International career
- 2009: Russia U-19 / 3 / (1)

= Stanislav Matyash =

Russian footballer

Stanislav Vladimirovich Matyash (Станислав Владимирович Матяш; born 23 April 1991) is a Russian former football striker.

==Playing career==
Matyash joined Zenit's "Smena" academy and made his first youth team appearance in October 2007 against Lokomotiv Moscow. He scored his first goal for Zenit on 31 October 2008 against Khimki.
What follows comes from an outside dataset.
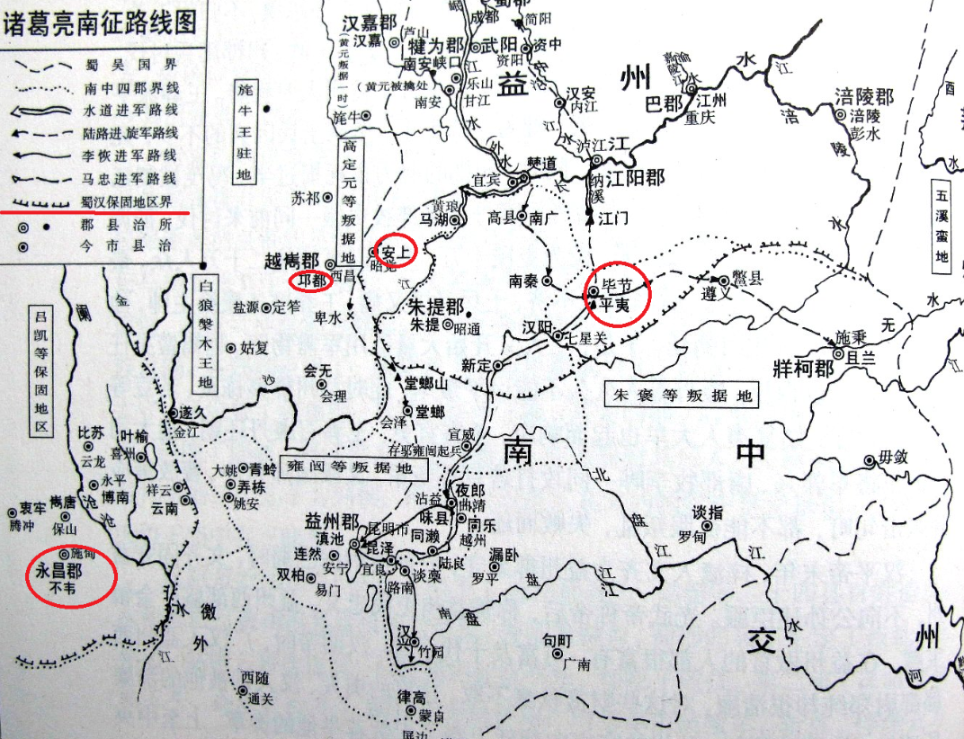南中叛乱,看起来很吓人。其实并没有威胁到蜀汉的核心统治。事实上,雍闿叛乱后,光打个永昌郡就打了三年,毛都没啃下来一点。而越隽郡的治所邛都(今四川西昌东南)虽然被越隽夷王高定占住了,但诸葛亮派去的越隽郡太守龚禄也不过是换个地方、在邛都北部的安上县(今四川屏山县西北)驻守,高定也不敢打过来。另外,南中叛乱爆发后,蜀汉的庲降都督李恢一直驻扎在牂牁郡平夷县(今贵州毕节市)进行镇抚,虽无法平息叛乱,但也好神在在的管着手头的事情,该吃吃该喝喝,完全没有分崩离析落荒而逃的感觉。

During the 2010 youth season, Matyash was the second highest top-scorer with 13 goals behind Mantas Savėnas of Sibir Novosibirsk.

While representing Zenit at the 2011 Commonwealth of Independent States Cup, he scored a double against HJK Helsinki in the quarterfinal round.

==International career==
Matyash made his debut for the Russian U-19 team during the 2010 UEFA Euro U-19 qualification against Latvia. He scored his first goal for Russia in a 6-0 victory over Liechtenstein on 25 October 2009.